• RECORDS SUPPLIED

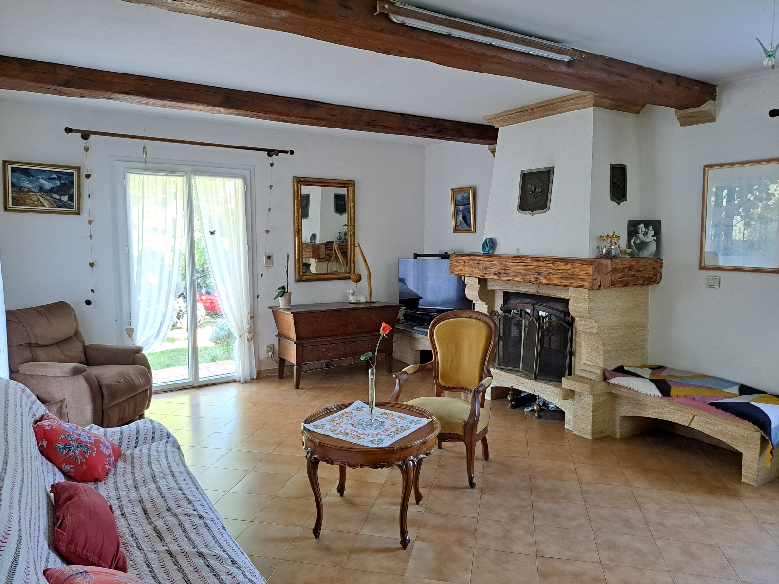 Mon rez-de-chaussée comprend une entrée, un vaste séjour de 37 m² avec cheminée, une cuisine séparée de 19 m², un bureau, une buanderie, un WC, un garage et un très agréable jardin à l'angle d'une rue très calme.
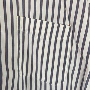 Vintage LL Bean Men’s 17-35 Gray Striped Button Down Shirt Made In Hong Kong
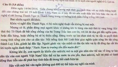 Cụ thể, trong câu hỏi số 2 của đề thi có nêu: "Đêm 14/6, Gala chung kết Gương mặt thân quen với sự chiến thắng tuyệt đối của chàng trai 19 tuổi Hoài Lâm. Nam ca sĩ này đã trở nên xuất thần khi hóa thân vào vai cố nghệ sĩ cải lương Thanh Nga và Thanh Sang trong vở tuồng kinh điển Tiếng trống Mê Linh. Bao nhiêu người đã khóc. Khóc vì nghĩ đến Thanh Nga, vì bộ môn nghệ thuật vẫn không bị mai một. Nhưng có lẽ, phần đông mọi người khóc vì không khí bi hùng của một thời kỳ vang bóng... Không khí ấy, con người ấy khiến cho anh/chị mở ra một góc nhìn như thế nào về lòng tự hào dân tộc của con người Việt Nam? Khí thế và lực nước ta còn yếu, theo anh/chị, tuổi trẻ phải có hành động thực tiễn nào để phát huy tinh thần đó trong bối cảnh hiện tại. Hãy viết một bài văn ngắn (không quá 600 từ) thể hiện suy nghĩ của mình"
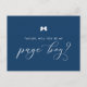 Bonito cartão de proposta do garoto da página temática parisiense. Peça à família e aos amigos que façam parte do seu casamento com este cartão personalizado "Você vai ser meu garoto de página". Ele apresenta um arco e um script elegante. em um fundo azul marinho Personalize adicionando um nome e uma mensagem
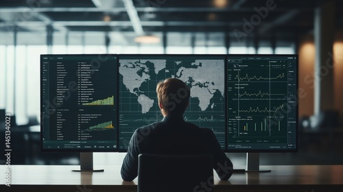 A quantified self enthusiast reviews data analysis techniques using multiple screens showing graphs, maps, and datasets in a modern office

• WORK REQUIRED
Exactly reproduce the lines above, starting at the one that contains "Vintage LL Bean" and ending at the one that contains "Cụ thể, trong", both inclusive; leave the pictures out and add no other lines.

• PROBLEM SOLUTION
 Vintage LL Bean Men’s 17-35 Gray Striped Button Down Shirt Made In Hong Kong
 Cụ thể, trong câu hỏi số 2 của đề thi có nêu: "Đêm 14/6, Gala chung kết Gương mặt thân quen với sự chiến thắng tuyệt đối của chàng trai 19 tuổi Hoài Lâm. Nam ca sĩ này đã trở nên xuất thần khi hóa thân vào vai cố nghệ sĩ cải lương Thanh Nga và Thanh Sang trong vở tuồng kinh điển Tiếng trống Mê Linh. Bao nhiêu người đã khóc. Khóc vì nghĩ đến Thanh Nga, vì bộ môn nghệ thuật vẫn không bị mai một. Nhưng có lẽ, phần đông mọi người khóc vì không khí bi hùng của một thời kỳ vang bóng... Không khí ấy, con người ấy khiến cho anh/chị mở ra một góc nhìn như thế nào về lòng tự hào dân tộc của con người Việt Nam? Khí thế và lực nước ta còn yếu, theo anh/chị, tuổi trẻ phải có hành động thực tiễn nào để phát huy tinh thần đó trong bối cảnh hiện tại. Hãy viết một bài văn ngắn (không quá 600 từ) thể hiện suy nghĩ của mình"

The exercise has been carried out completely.